─── Information given ───
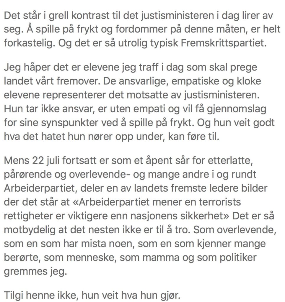 Bildene og beretningen om Utøya utløste ikke hat og ikke ønsker om hevn. Men det gjør justisministeren:
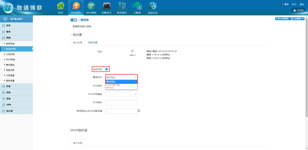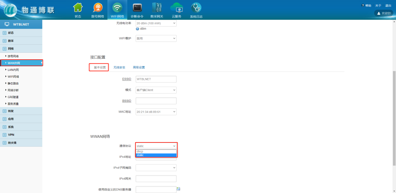 下载中心 视频中心 常见问题 售后服务 工业网关 设备快线 数据云平台 联网设备 问答百科 工业智能网关如何设置静态固定IP? 时间:2022-10-26 09:15:30 点击:5101 关键词:工业智能网关,静态固定IP,网关配置 问题:工业智能网关如何设置静态固定IP? 回答: (1)WAN外网设置静态IP 网络—WAN外网—切换通信协议——填写固定IP参数 (2)WiFi网络设置静态IP 网络—WiFi网络—修改—切换通信协议—填写静态IP 上一篇:工业智能网关如何使用网线上网? 下一篇: 工业智能网关如何进行软硬件复位?
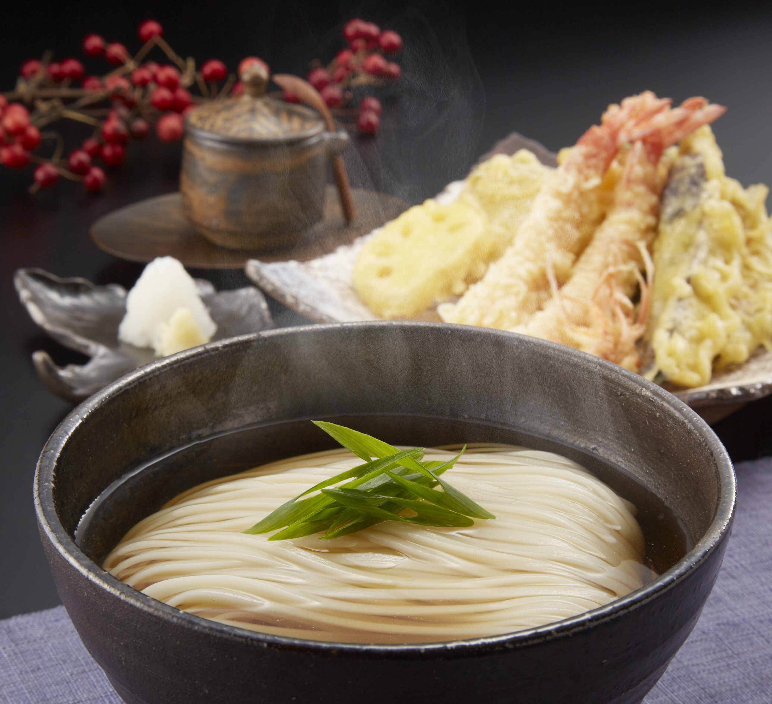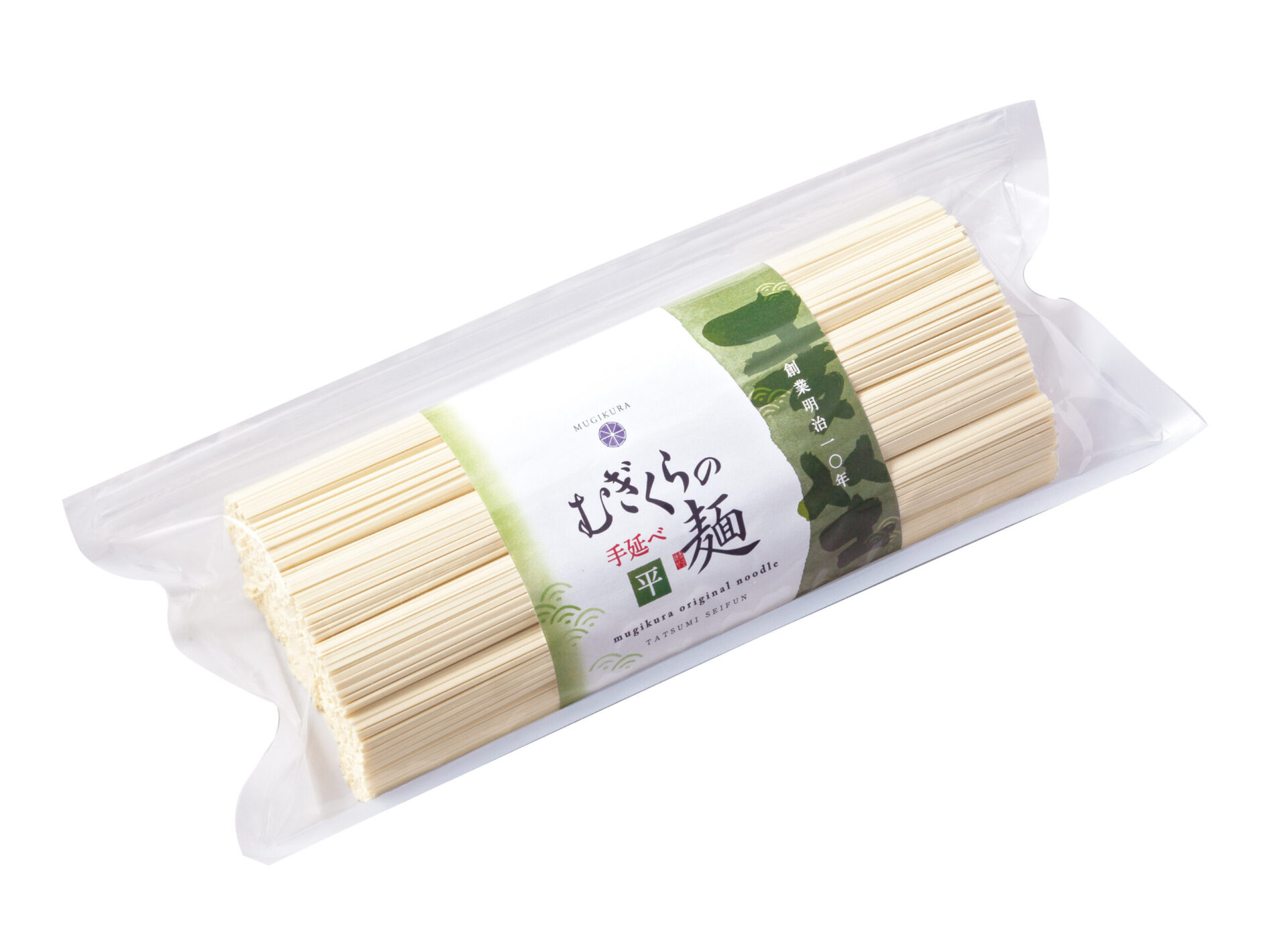 もっちもちの弾力、つるつるの食感、みずみずしい味わいを追求し作り上げたこだわりの手延べ麺です。ゆで上がりの麺の艶は格別。見て美しく、食べて美味しい、思わず笑みが出る。そんな むぎくらの麺「平麺」は1年を通じてどなたさまにもお喜びいただいております。そうめんより食べ応えがあり、うどんよりなめらかな舌触り。冷やせば麺のコシや弾力が際立ち、温めれば麺のつるつるした食感が楽しめるむぎくらの麺をぜひお召し上がりください。
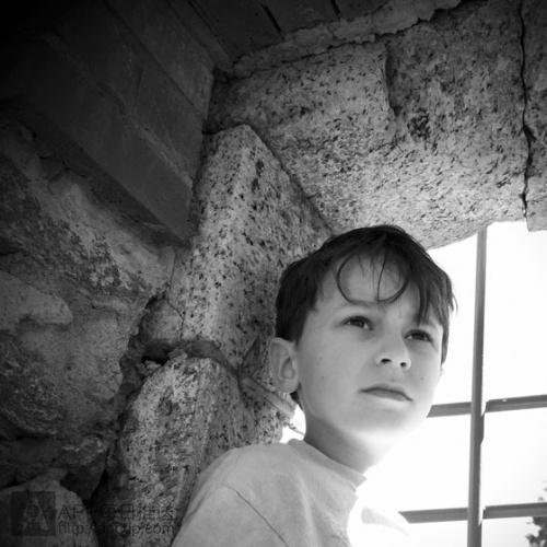 在上圖中,由於強烈的光穿過拱門,男孩子的側面和石雕窗顯得略為暗淡。我們把曝光點設在男孩子的側面,盡管窗外的天空因為曝光過度顯得有點發白,但是依然沒有破壞照片的整體感覺。
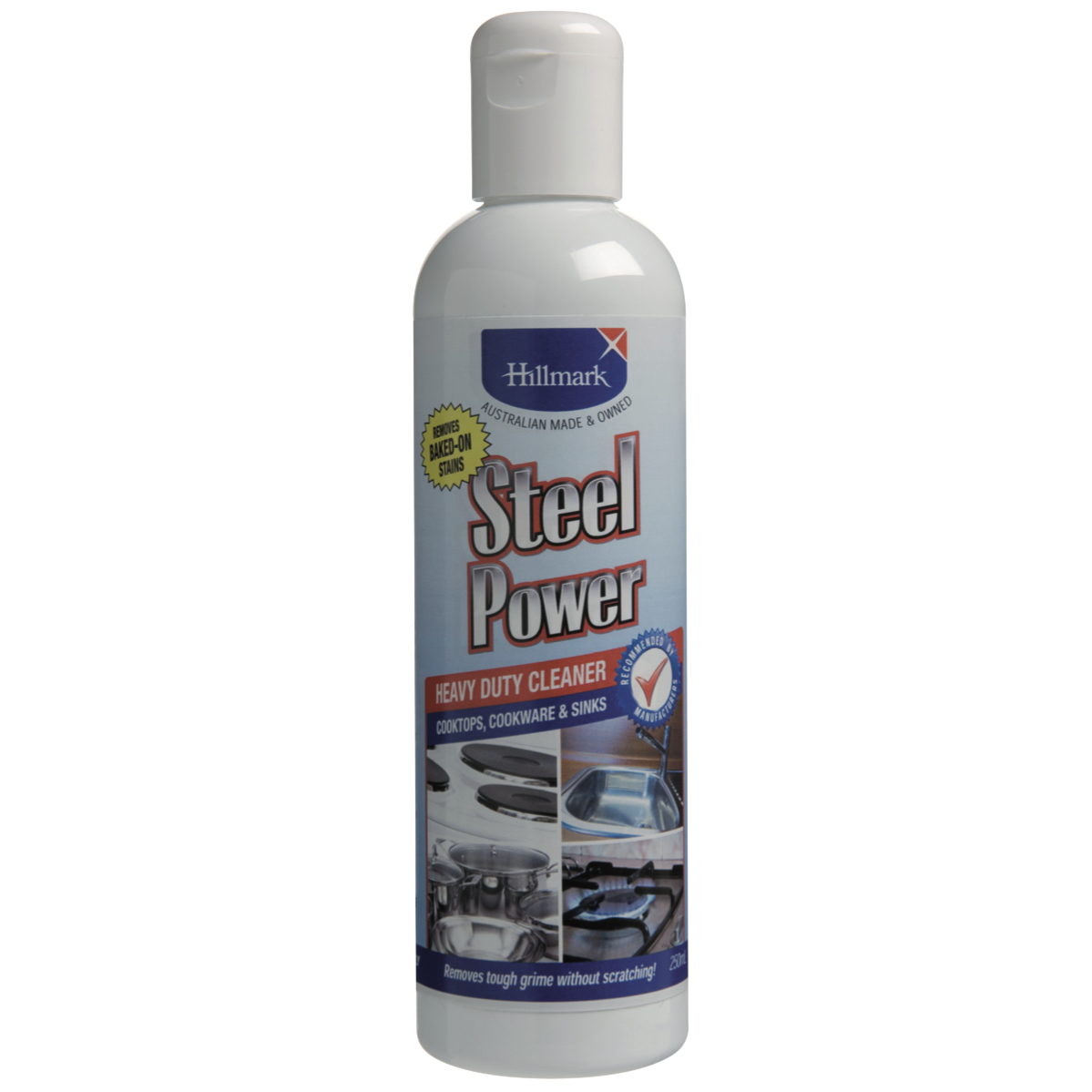 For stubborn marks or stains apply SteelPower -Dissolves & removes stains spills baked-on foods and other build up easily-Kitchen surfaces & stainless steel appliances -Fresh lemon fragrance
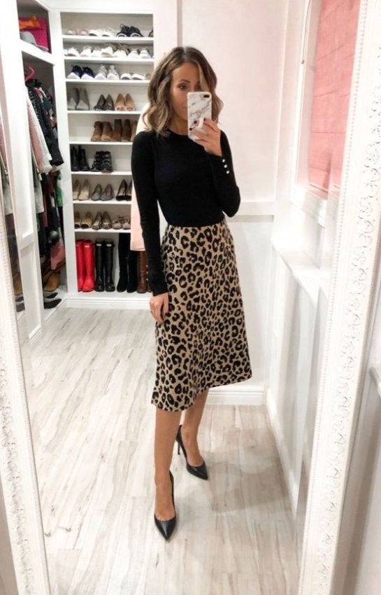 Если говорить о юбках — то в первую очередь обращаем внимание на длину. Все, что выше колена — не в офис. По крайней мере не в этом сезоне точно. Останавливайте выбор на юбках-миди прямого или свободного кроя. Слишком облегающий «карандаш» или пышное «солнце» — не подходит.
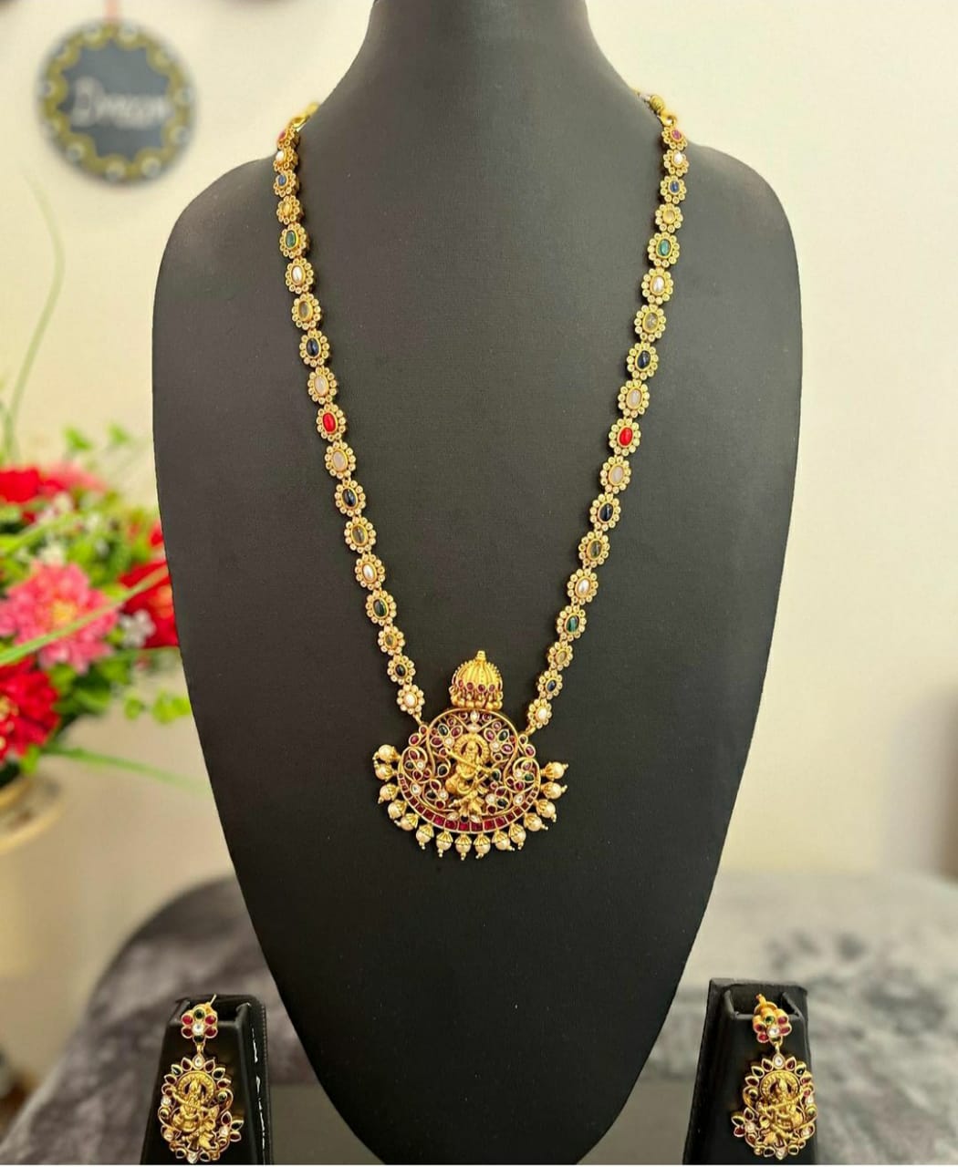 This traditional temple set exudes elegance with its intricate design of Lord Krishna carving on the center piece. Adorned with Navarathna stones, this set is perfect for any bridal occasion. The long chain and earrings add a touch of sophistication, making it a must-have for any temple jewelry collection.
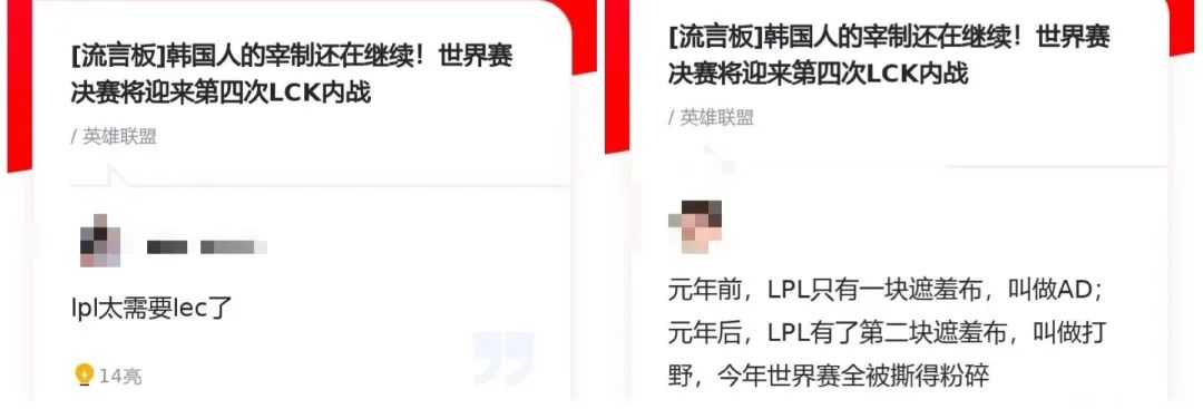 另外一场半决赛是LCK一号种子和四号种子的内战,在JDG被淘汰后,网上流传着这样的段子:对于“元年粉”(2018年后接触LOL赛事的观众)来说,他们的青春结束了,但对于LPL的“老粉”来说,这次青春是真的回来了——“欢迎回到LPL的黑暗时代”。
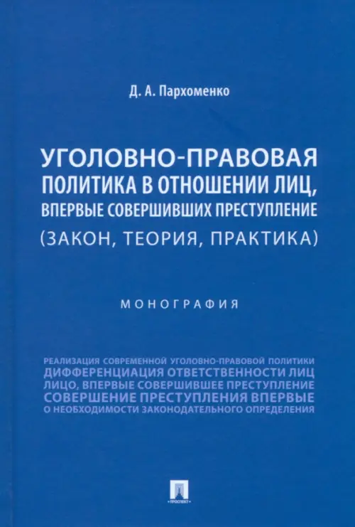 Аннотация: Уголовно-правовая политика в отношении лиц, впервые совершивших преступление. (Закон, теория, практика). Монография
───
Work instruction >> Every line from the one containing "Если говорить о" to the final line of the records must be transcribed exactly, both ends included, with the pictures left out.

Response box >>
 Если говорить о юбках — то в первую очередь обращаем внимание на длину. Все, что выше колена — не в офис. По крайней мере не в этом сезоне точно. Останавливайте выбор на юбках-миди прямого или свободного кроя. Слишком облегающий «карандаш» или пышное «солнце» — не подходит.
 This traditional temple set exudes elegance with its intricate design of Lord Krishna carving on the center piece. Adorned with Navarathna stones, this set is perfect for any bridal occasion. The long chain and earrings add a touch of sophistication, making it a must-have for any temple jewelry collection.
 另外一场半决赛是LCK一号种子和四号种子的内战,在JDG被淘汰后,网上流传着这样的段子:对于“元年粉”(2018年后接触LOL赛事的观众)来说,他们的青春结束了,但对于LPL的“老粉”来说,这次青春是真的回来了——“欢迎回到LPL的黑暗时代”。
 Аннотация: Уголовно-правовая политика в отношении лиц, впервые совершивших преступление. (Закон, теория, практика). Монография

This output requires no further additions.